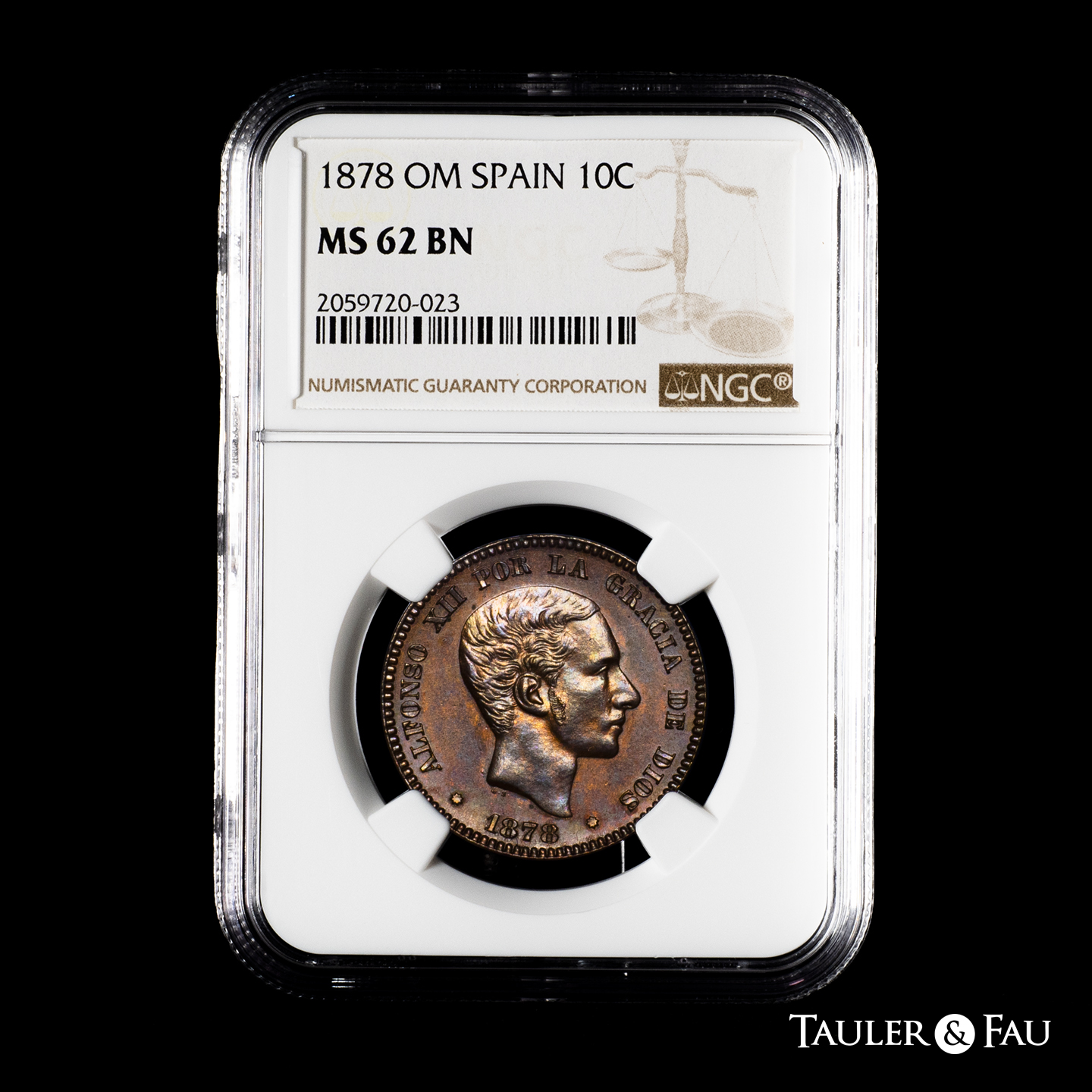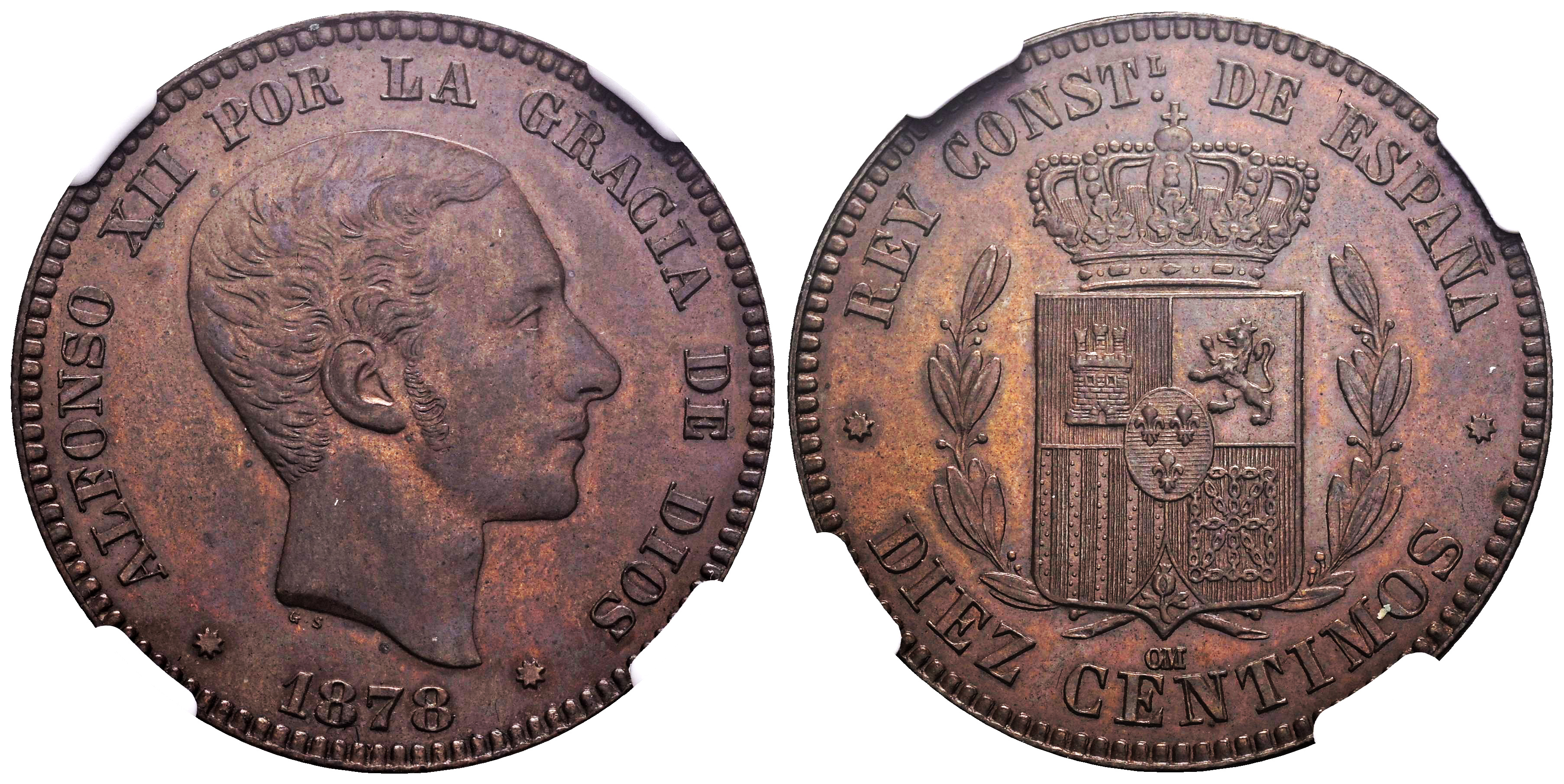 Centenario de la Peseta (1868-1931). Alfonso XII (1874-1885). 10 céntimos. 1878. Barcelona. OM. (Cal-9). Au. Escasa en esta conservación. Encapsulada por NGC como MS 62 BN. Est...200,00.
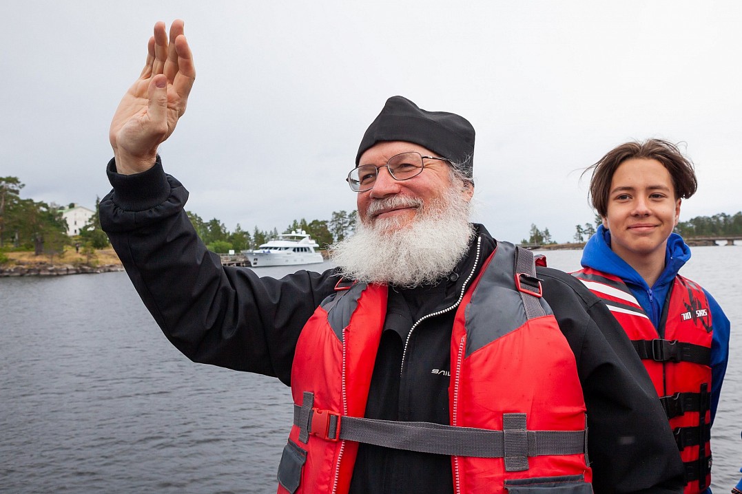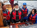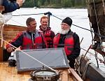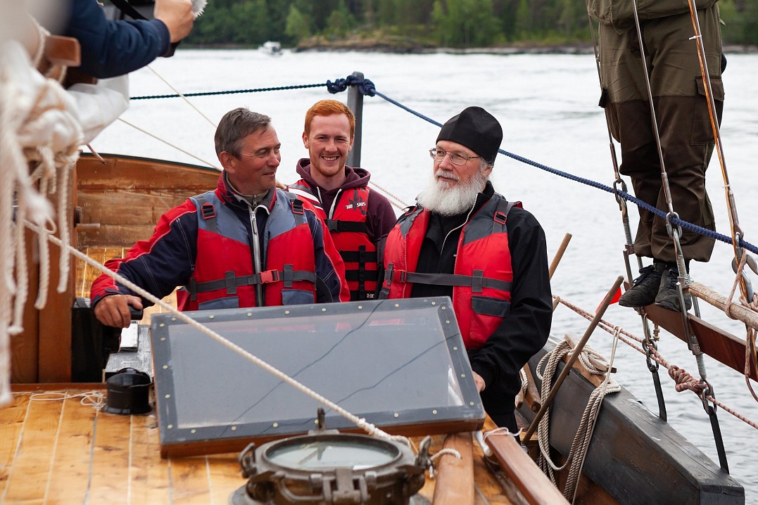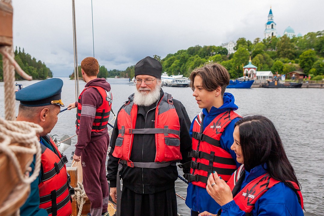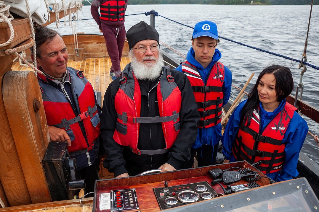 12 июля Владыка Панкратий встретился с ребятами в Монастырской бухте и вышел с ними в Ладогу под парусами. Затем шхуна пришвартовалась к Никольскому скиту, где в храме покровителя моряков святителя Николая Чудотворца была совершена совместная молитва, и Владыка вручил всем памятные грамоты и валаамские сувениры. А 13 июля состоялось дружеское общение с участниками экспедиции в конференц-зале Валаамского монастыря, которое возглавил заместитель губернатора Вологодской области Виктор Владимирович Рябишин.
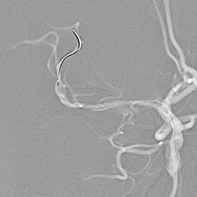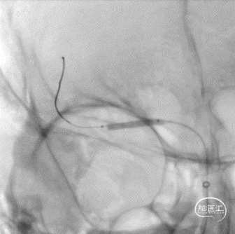 4. 全麻下行右侧大脑中动脉闭塞开通血管成形术,恢复右侧大脑中动脉区域血流灌注,予以球囊扩张必要时支架置入。
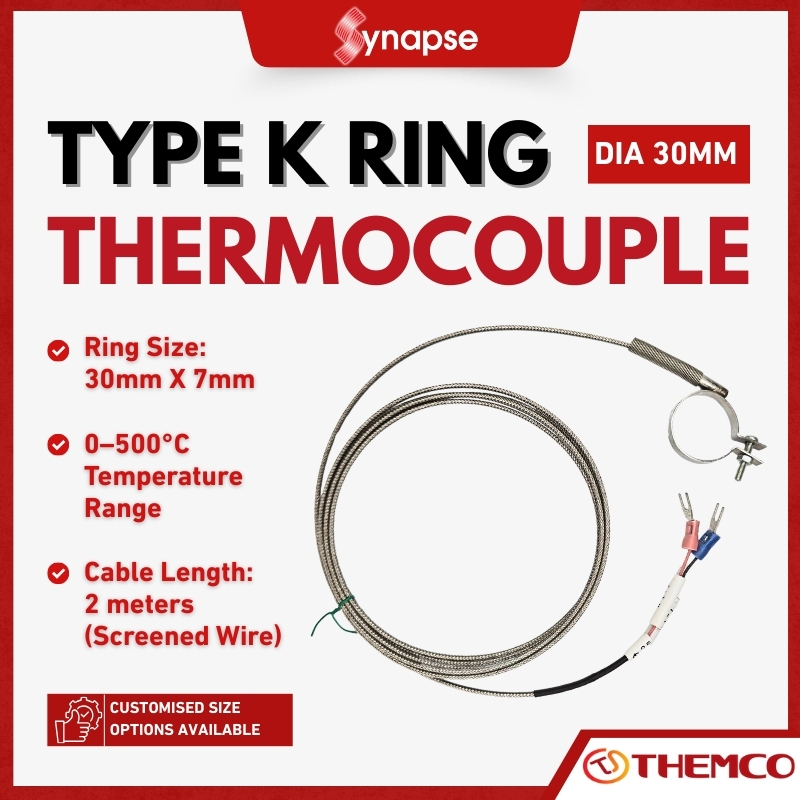 THEMCO Type K 30mm Ring Thermocouple 2m Cable Stainless Steel Extrusion Injection Temperature Sensor
....
Work order — Copy exactly the lines running from the line with "4. 全麻下行右侧大脑中动脉" to the final line of the listing, keeping both ends and dropping any picture.

The answer —
 4. 全麻下行右侧大脑中动脉闭塞开通血管成形术,恢复右侧大脑中动脉区域血流灌注,予以球囊扩张必要时支架置入。
 THEMCO Type K 30mm Ring Thermocouple 2m Cable Stainless Steel Extrusion Injection Temperature Sensor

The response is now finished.